A: When a DocBook document contains multiple tables, the converter can extract them sequentially. Each table's data is included in the CSV output with proper headers. Table titles from DocBook are preserved as contextual information to help identify each dataset.
Q: What happens to formatted text within table cells?
A: XML formatting markup within cells (<emphasis>, <literal>, <link>, etc.) is stripped, leaving only the plain text content. This is because CSV is a plain-text format that does not support formatting. The text content itself is fully preserved.
Q: How are commas within cell content handled?
A: Values containing commas are automatically quoted with double quotes, following the RFC 4180 standard. For example, a DocBook cell containing "New York, NY" becomes "New York, NY" in the CSV output. This ensures proper parsing by spreadsheet applications and CSV libraries.
Q: Can I open the CSV output in Excel?
A: Yes, CSV files open directly in Microsoft Excel, Google Sheets, LibreOffice Calc, Apple Numbers, and virtually any spreadsheet application. The data will be automatically arranged into rows and columns, ready for sorting, filtering, and analysis.
Q: What encoding does the CSV output use?
A: The converter produces UTF-8 encoded CSV output, which supports all Unicode characters from the DocBook source.
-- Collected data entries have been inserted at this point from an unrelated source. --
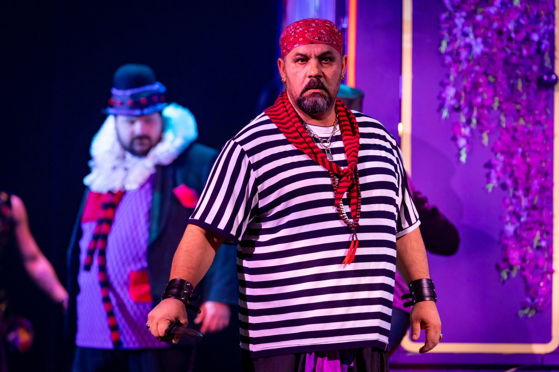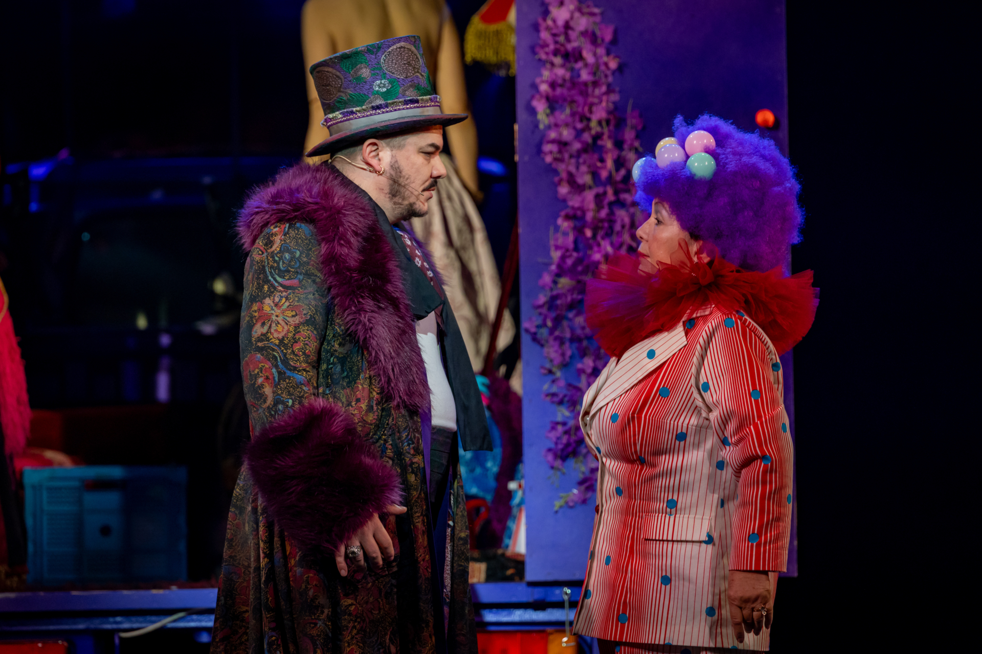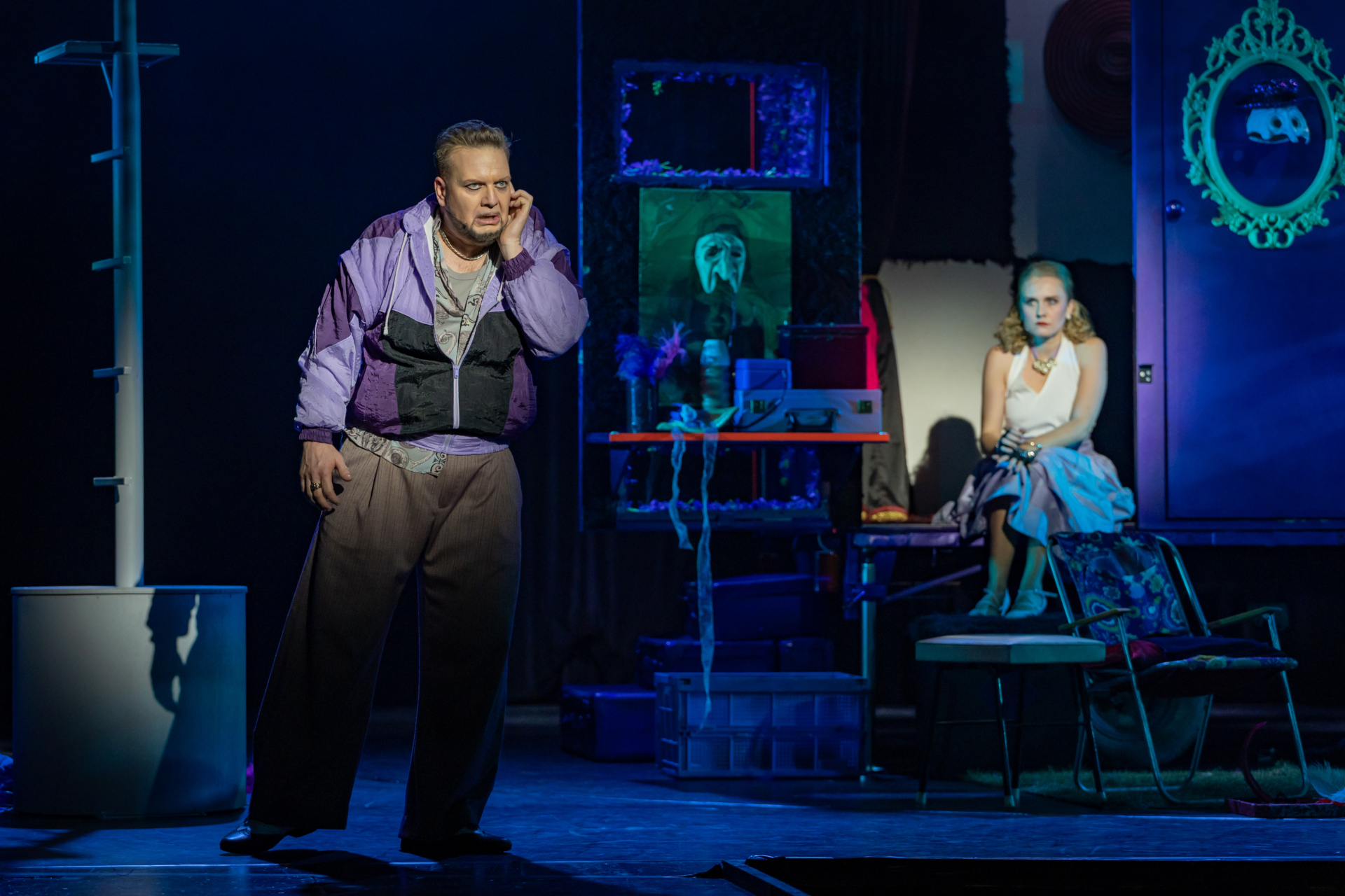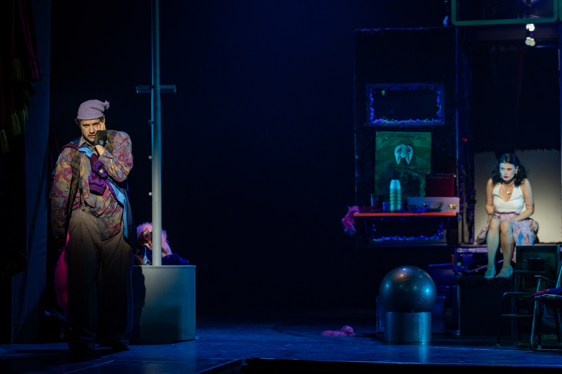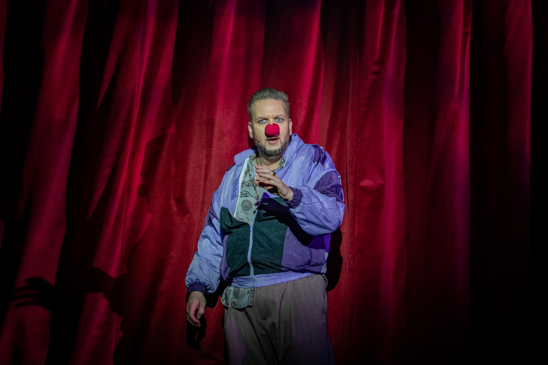Mindenki lázasan készülődik, a nézők már türelmetlenül várják, hogy végre kezdetét vegye a produkció. A commedia dell’arte stílusú előadás cselekménye szerint Bajazzó felesége, Colombina és Arlekin titkon egymáséi, de Tádé is vágyik a nőre.
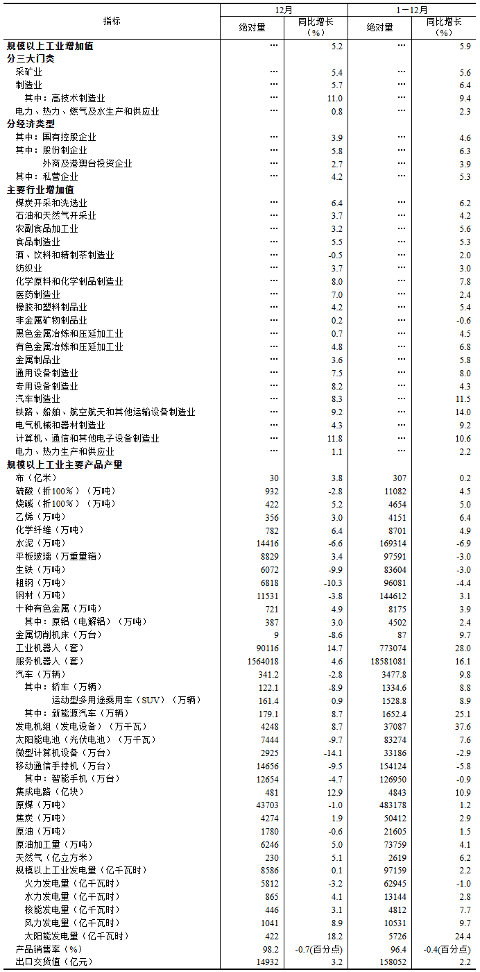 分产品看,12月份,规模以上工业623种产品中有325种产品产量同比增长。其中,钢材11531万吨,同比下降3.8%;水泥14416万吨,下降6.6%;十种有色金属721万吨,增长4.9%;乙烯356万吨,增长3.0%;汽车341.2万辆,下降2.8%,其中新能源汽车179.1万辆,增长8.7%;发电量8586亿千瓦时,增长0.1%;原油加工量6246万吨,增长5.0%。
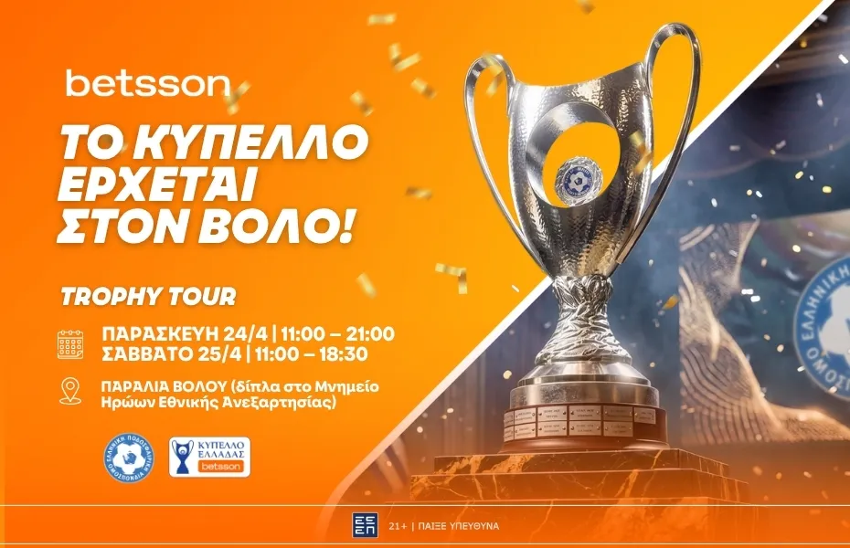 Το Betsson Trophy Tour, σε συνεργασία με την ΕΠΟ, φέρνει για ακόμη μια φορά τον θεσμό στην καρδιά της κοινωνίας, μεταφέροντας τον ενθουσιασμό του τελικού σε κάθε γωνιά του Βόλου.

UTF-8 is widely supported by modern spreadsheet applications and programming libraries. A BOM (Byte Order Mark) may be included for better Excel compatibility.
Q: Can I import the CSV into a database?
A: Yes, CSV is the standard format for database bulk import operations. You can import the converted file into MySQL (LOAD DATA INFILE), PostgreSQL (COPY), SQLite (.import), or any other database system. The header row provides column names for automatic schema mapping.
Q: What about DocBook content that is not in tables?
A: Non-tabular DocBook content (paragraphs, sections, code listings) is converted to a text representation in the CSV output. The structural elements like chapters and sections can be represented as metadata columns. For purely tabular extraction, the converter focuses on DocBook table elements.